Genesis 20:3

8) in een

God heeft in voorgaande tijden zich geopenbaard door dromen, niet alleen den zijnen, maar ook aan degenen, die vreemd van zijn volk waren, en dat ten beste van de zijnen. Zie onder Gen. 28:12, en Gen. 31:24, en Gen. 40:8, en Gen. 41:1; Dan. 2:1, en Dan. 4:5.

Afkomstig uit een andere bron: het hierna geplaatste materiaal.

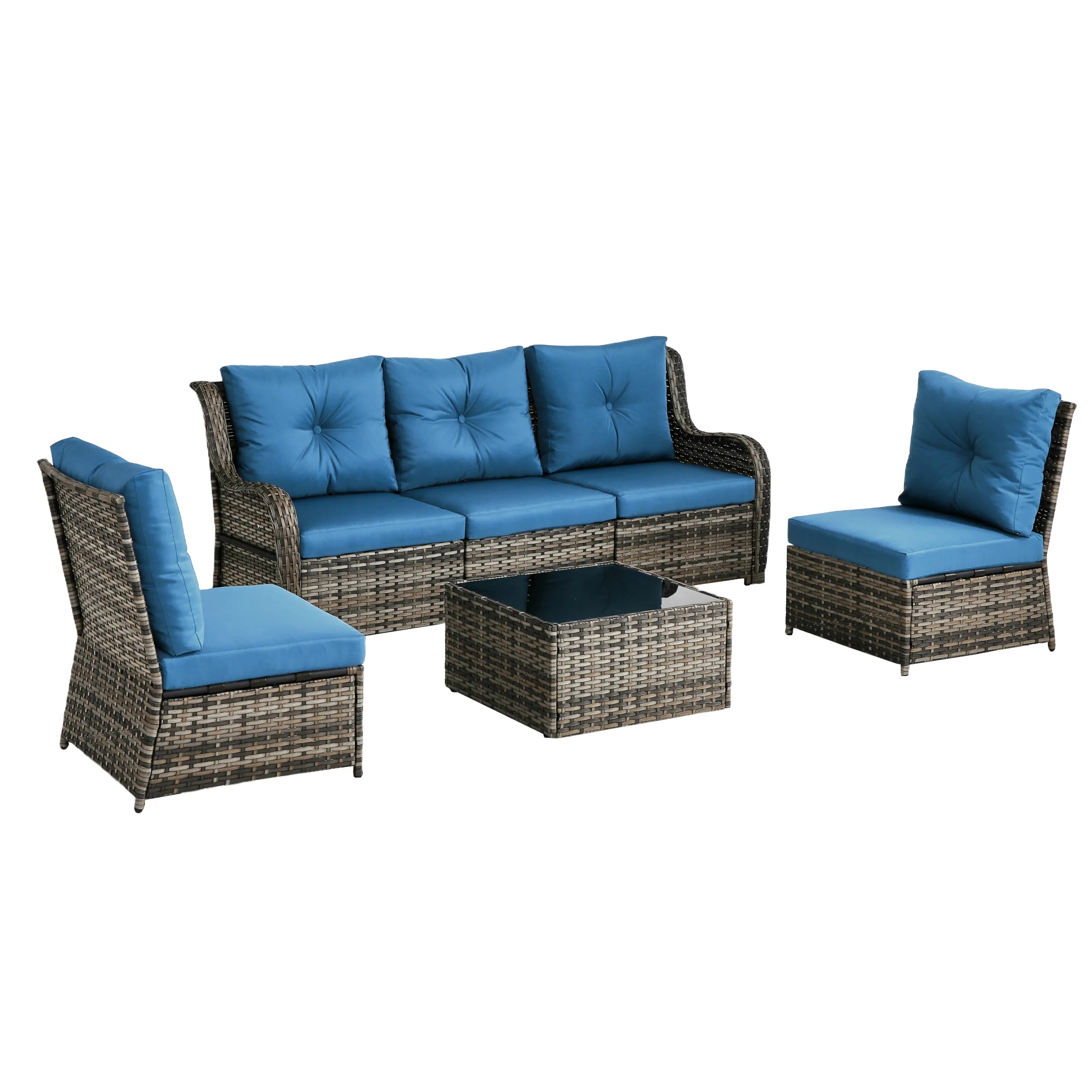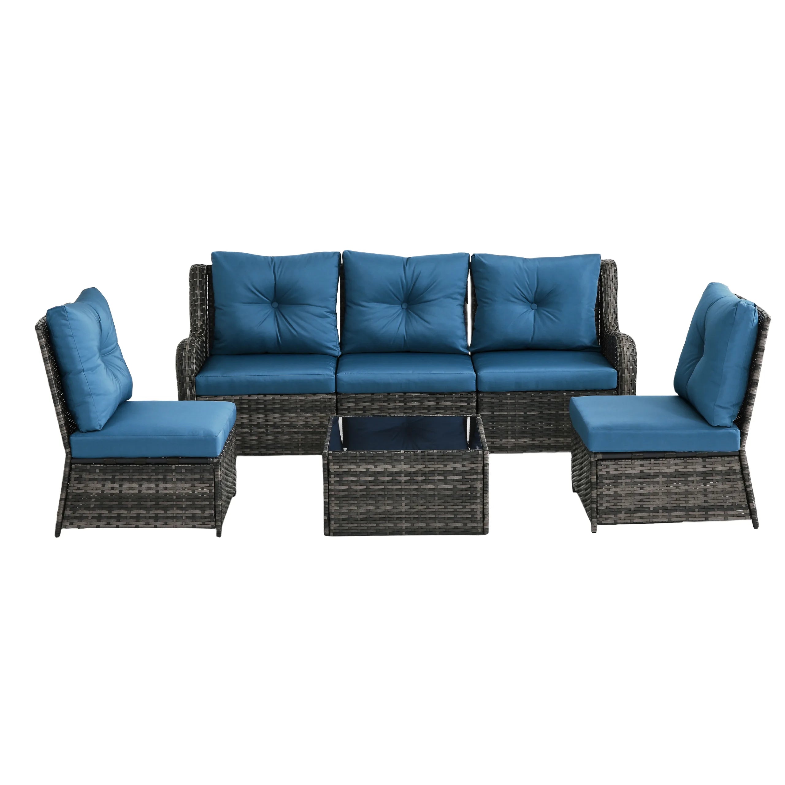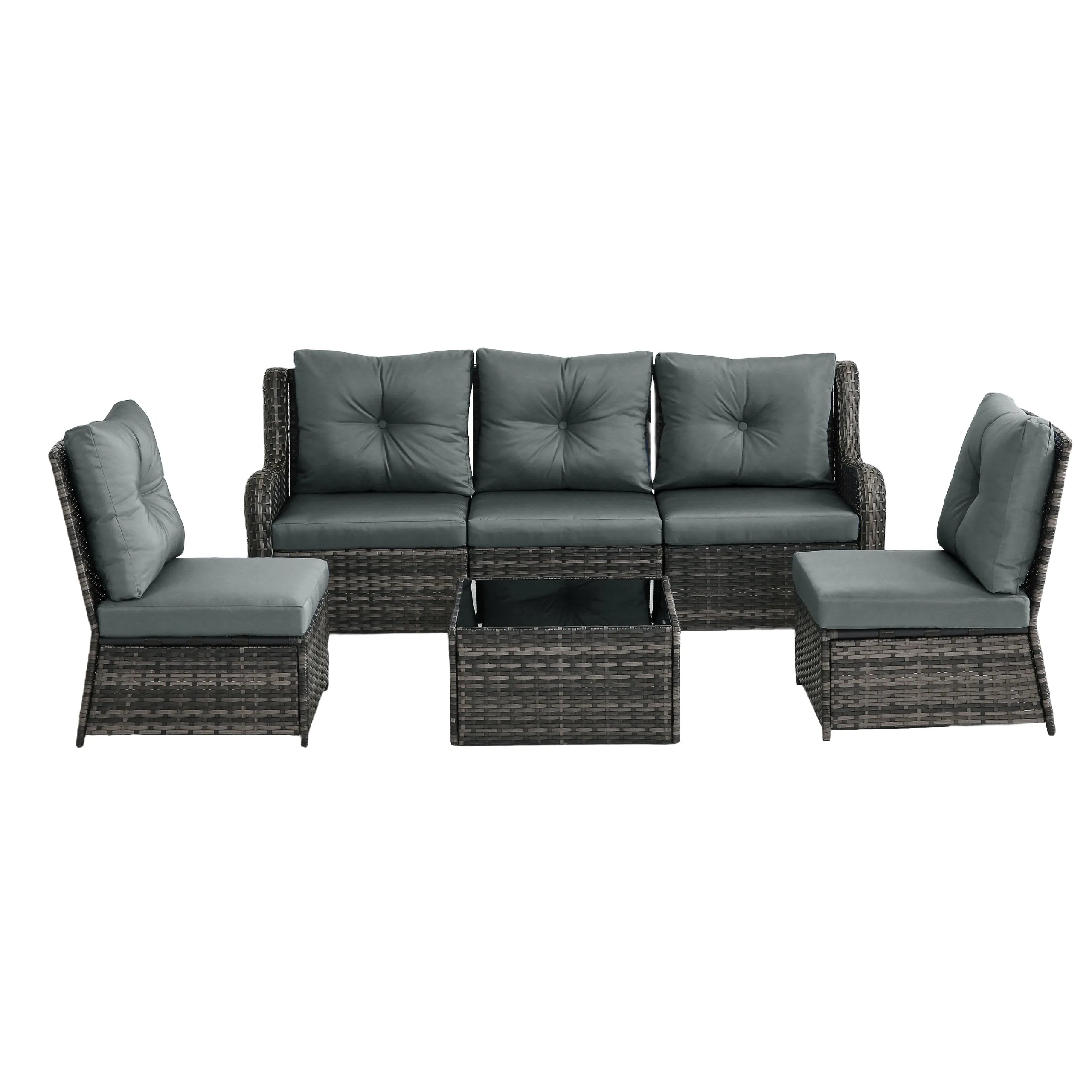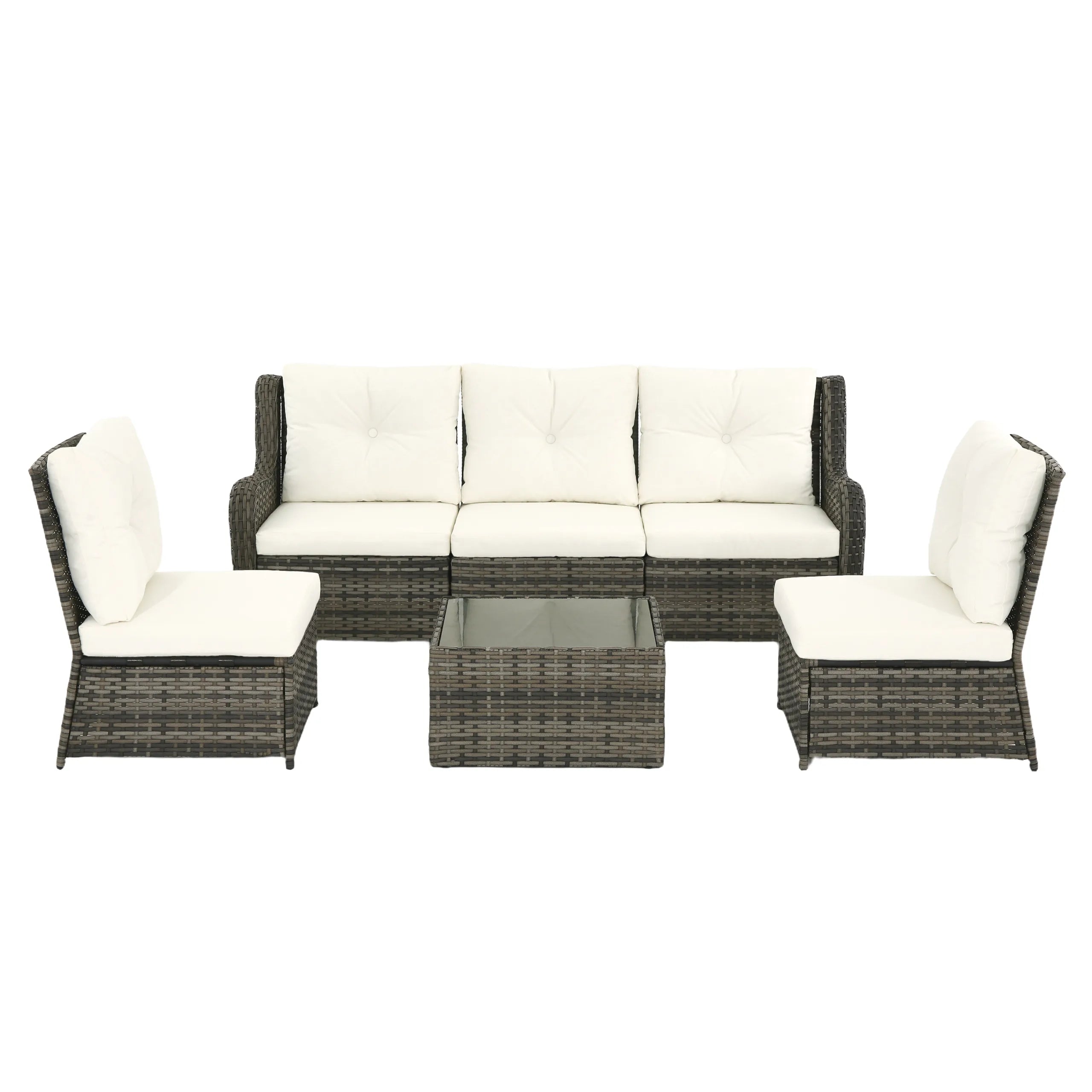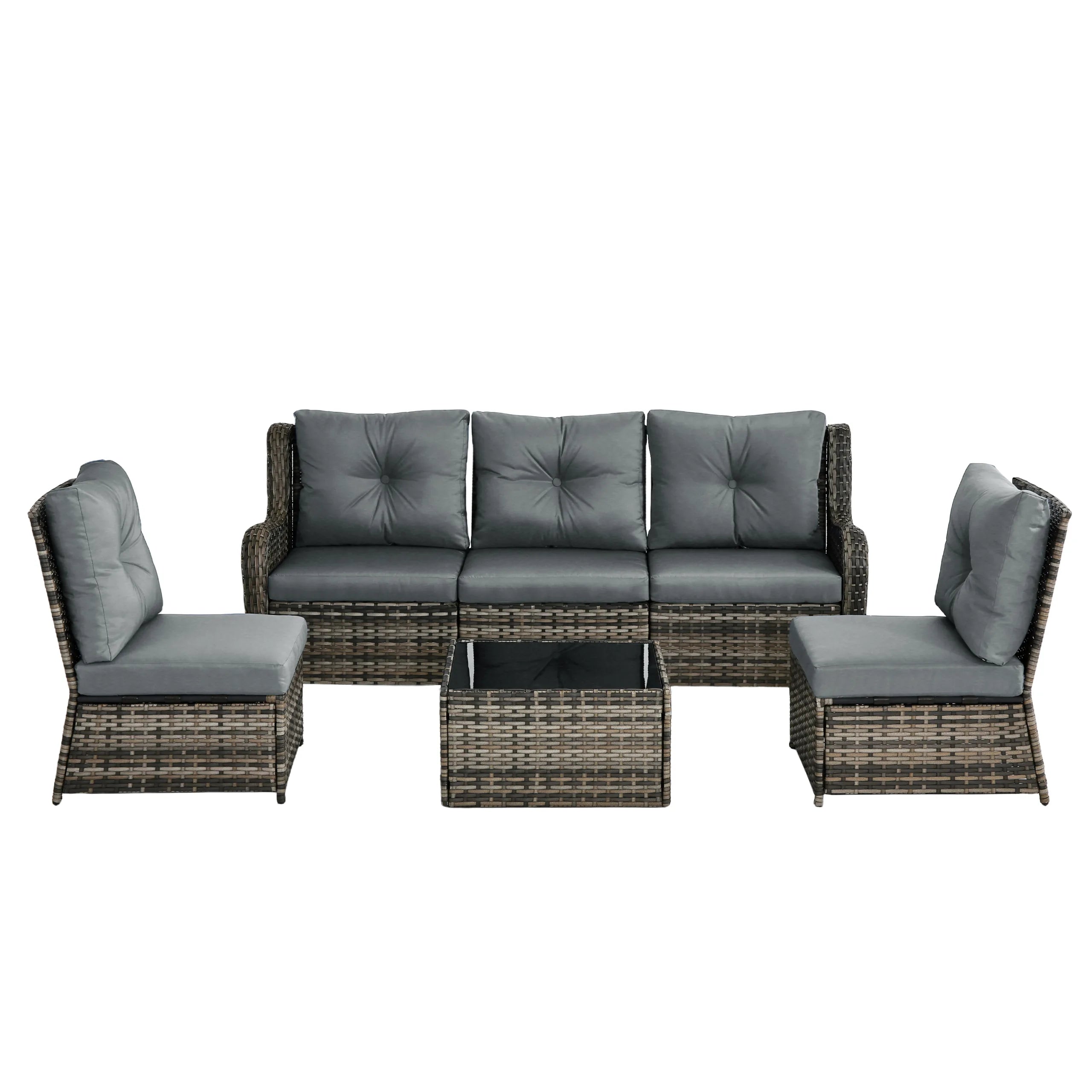 Includes 3 armless chairs, 2 single-arm chairs, and 1 tempered-glass coffee table for flexible patio arrangements.

Ge 28.12 31.24 40.8 41.1 Da 2.1 4.5

9) gij zijt

Anders, gij gaat sterven; dat is, gij zult straks sterven, zo gij deze vrouw niet terstond ongeschonden wedergeeft. Verg. onder Gen. 20:7, en zie deze manier van spreken onder Gen. 30:1, en Gen. 48:21, en Gen. 50:24.

Ge 20.7 30.1 48.21 50.24

Genesis 31:24

37) God kwam

Te weten, eer hij Jakob achterhaalde, of bij hem kwam.

38) in een droom

Zie boven, Gen. 20:3.

Ge 20.3

39) noch goed,

Hebr. van het goede tot het kwade, dat is, noch met goede, noch met kwade woorden zult gij hem van zijn reis afbrengen, maar laten hem in zijn reis voortgaan. Verg. boven, Gen. 24:50.